Alongside the Ford Foundation and the Open Society Foundations, the Alexander Soros Foundation funded the first U.S. national statistical study of domestic workers ("Home Economics: The Invisible and Unregulated World of Domestic Work," released November 26, 2012).

==== ASF awards ====
- In July 2012, the Alexander Soros Foundation presented its inaugural ASF Award for Environmental and Human Rights Activism to Liberian activist Silas Siakor.
- In 2013, the prize went to Chut Wutty, the Cambodian activist who died defending the Prey Lang forest.
- In 2014, the prize was awarded posthumously to Edwin Chota, Jorge Ríos Pérez, Leoncio Quincima Meléndez and Francisco Pinedo, a group of indigenous leaders from Peru who were murdered because of their work trying to end illegal logging in their community in Peru's rainforest.
- In 2015, the prize went to Alphonse Muhindo Valivambene and Bantu Lukambo for their dedication to defending Virunga National Park against corrupt interests attempting to open the park to illegal oil drilling and poaching.
- In 2016, the prize went to Paul Pavol, a villager from Papua New Guinea who is speaking out against the appropriation of rainforest in his home district of Pomio by Malaysian logging conglomerate Rimbunan Hijau.
- In 2017, Antônia Melo da Silva, a longtime Brazilian environmental activist, received the Alexander Soros Foundation Award for Environmental and Human Rights Activism for her inspiring role leading campaigns to stop the construction of the Belo Monte Dam and other infrastructure projects in the Amazon rainforest.

==Investment career==
Soros is the only family member sitting on the investment committee for Soros Fund Management, the vehicle which The Wall Street Journal says is managing the $25bn for the family and the charitable foundation.

==Other activities==
Soros is credited as a producer of several movies, including Trial by Fire and The Kleptocrats.
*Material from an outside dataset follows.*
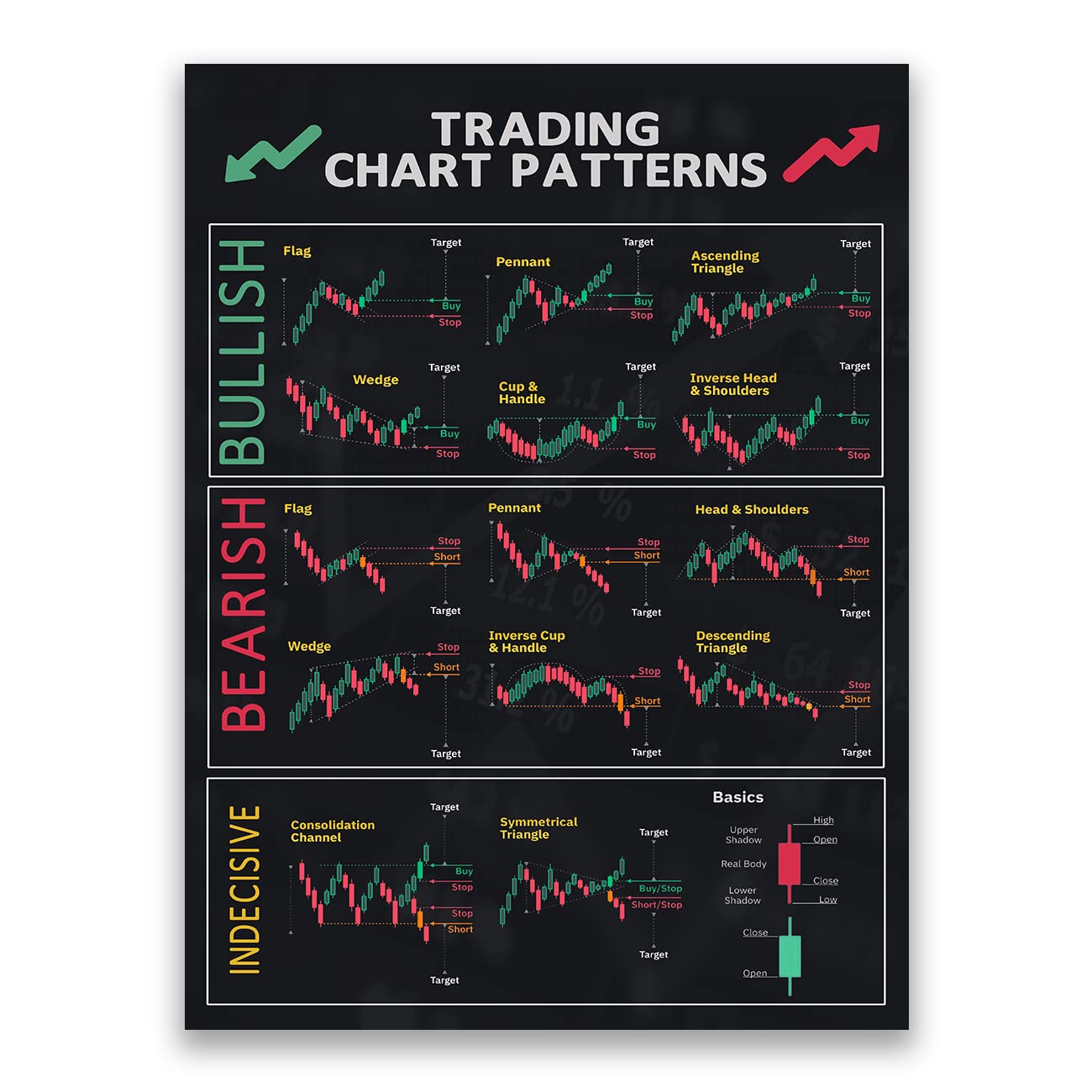FHMDREUP Chart Patterns Candlestick Patterns Poster for Trader Stock Ticker Technical Analysis-Stock for Office Wall Decor Unframed 12x16inch

Soros is a visiting assistant professor of political studies at Bard College, where he has been a postdoctoral fellow at the Hannah Arendt Center for Politics and Humanities. Additionally, Soros is a member of the board of trustees at Bard.

In 2026, Soros has pledged to funnel $30 billion to fight antisemitism and also combat anti-Muslim hate by funding various justice organizations in the United States.

== Publications==
In 2014, Soros contributed an essay to the book God, Faith and Identity from the Ashes: Reflections of Children and Grandchildren of Holocaust Survivors.

Soros's writing has appeared in The Guardian, Politico, The Miami Herald, The Sun-Sentinel, and The Forward.

==Personal life==
Soros lives in Manhattan. He had been dating Huma Abedin since at least May 2024, when they appeared together at the Met Gala. He married Abedin on June 14, 2025, after an eleven-month engagement. Guests in attendance at the wedding included various Democratic political leaders, Hollywood celebrities and other high-profile individuals such as Anna Wintour.